1. Create a SparkContext

Initiate a SparkContext

In [1]:
import pyspark
from pyspark import SparkContext
sc =SparkContext()

Basic Operation

In [2]:
# Create a collection of data called RDD, Resilient Distributed Dataset. 
# Computation in an RDD is automatically parallelized across the cluster.
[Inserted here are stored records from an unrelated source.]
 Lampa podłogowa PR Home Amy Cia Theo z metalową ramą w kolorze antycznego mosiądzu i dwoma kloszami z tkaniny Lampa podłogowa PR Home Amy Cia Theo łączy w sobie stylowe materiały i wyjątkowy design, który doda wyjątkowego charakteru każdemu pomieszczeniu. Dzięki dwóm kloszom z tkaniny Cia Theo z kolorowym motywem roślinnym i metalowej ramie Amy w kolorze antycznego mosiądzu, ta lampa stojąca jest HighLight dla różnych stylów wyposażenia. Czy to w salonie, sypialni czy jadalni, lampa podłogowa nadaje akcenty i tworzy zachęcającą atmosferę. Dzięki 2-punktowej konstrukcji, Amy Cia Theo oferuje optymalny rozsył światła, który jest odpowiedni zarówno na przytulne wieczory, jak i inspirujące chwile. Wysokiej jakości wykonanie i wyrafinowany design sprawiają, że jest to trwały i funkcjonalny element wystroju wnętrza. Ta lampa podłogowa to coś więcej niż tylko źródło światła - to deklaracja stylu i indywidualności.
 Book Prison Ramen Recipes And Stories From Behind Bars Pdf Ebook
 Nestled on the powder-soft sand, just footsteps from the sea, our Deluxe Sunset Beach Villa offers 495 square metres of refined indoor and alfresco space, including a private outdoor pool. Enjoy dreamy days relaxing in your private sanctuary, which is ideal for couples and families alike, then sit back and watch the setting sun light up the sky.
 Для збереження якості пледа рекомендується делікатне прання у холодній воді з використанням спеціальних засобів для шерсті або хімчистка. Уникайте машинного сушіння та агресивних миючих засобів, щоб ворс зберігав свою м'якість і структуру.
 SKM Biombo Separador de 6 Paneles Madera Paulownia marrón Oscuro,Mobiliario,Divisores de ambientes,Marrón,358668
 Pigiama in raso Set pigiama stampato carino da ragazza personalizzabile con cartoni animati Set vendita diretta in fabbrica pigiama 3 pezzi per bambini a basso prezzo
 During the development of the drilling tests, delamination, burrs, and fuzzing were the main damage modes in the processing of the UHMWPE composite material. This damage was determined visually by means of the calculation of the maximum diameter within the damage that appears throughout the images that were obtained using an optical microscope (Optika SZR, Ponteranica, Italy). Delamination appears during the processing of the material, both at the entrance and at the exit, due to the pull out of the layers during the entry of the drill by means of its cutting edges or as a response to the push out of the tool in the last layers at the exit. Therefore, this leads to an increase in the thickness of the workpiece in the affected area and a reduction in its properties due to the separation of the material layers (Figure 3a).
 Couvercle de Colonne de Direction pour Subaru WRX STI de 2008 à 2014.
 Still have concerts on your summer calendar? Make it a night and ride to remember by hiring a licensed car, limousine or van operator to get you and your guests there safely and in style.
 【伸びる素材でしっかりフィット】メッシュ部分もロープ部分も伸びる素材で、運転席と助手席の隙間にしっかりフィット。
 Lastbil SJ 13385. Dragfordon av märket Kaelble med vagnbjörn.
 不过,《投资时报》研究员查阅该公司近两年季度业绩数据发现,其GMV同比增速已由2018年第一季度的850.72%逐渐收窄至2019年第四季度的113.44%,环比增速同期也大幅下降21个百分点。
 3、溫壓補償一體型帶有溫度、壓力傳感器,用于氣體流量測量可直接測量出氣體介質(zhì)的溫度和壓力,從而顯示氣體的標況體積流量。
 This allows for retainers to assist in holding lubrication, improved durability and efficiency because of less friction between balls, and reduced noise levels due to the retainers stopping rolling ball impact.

nums= sc.parallelize([1,2,3,4])
In [3]:
# access the first row with take
nums.take(1) 
Out[3]:
[1]
In [4]:
# apply a transformation to the data with a lambda function

squared = nums.map(lambda x: x*x).collect()
for num in squared:
    print('%i ' % (num))
1 
4 
9 
16 
In [5]:
[num for num in squared]
Out[5]:
[1, 4, 9, 16]

2. SQLContext

In [7]:
from pyspark.sql import Row
from pyspark.sql import SQLContext

sqlContext = SQLContext(sc)

Step 1 -- Create the list of tuple with the information

In [8]:
list_p = [('John',19),('Smith',29),('Adam',35),('Henry',50)]

Step 2 -- Build a RDD

In [9]:
rdd = sc.parallelize(list_p)

Step 3 -- Convert the tuples

In [10]:
ppl = rdd.map(lambda x: Row(name=x[0], age=int(x[1])))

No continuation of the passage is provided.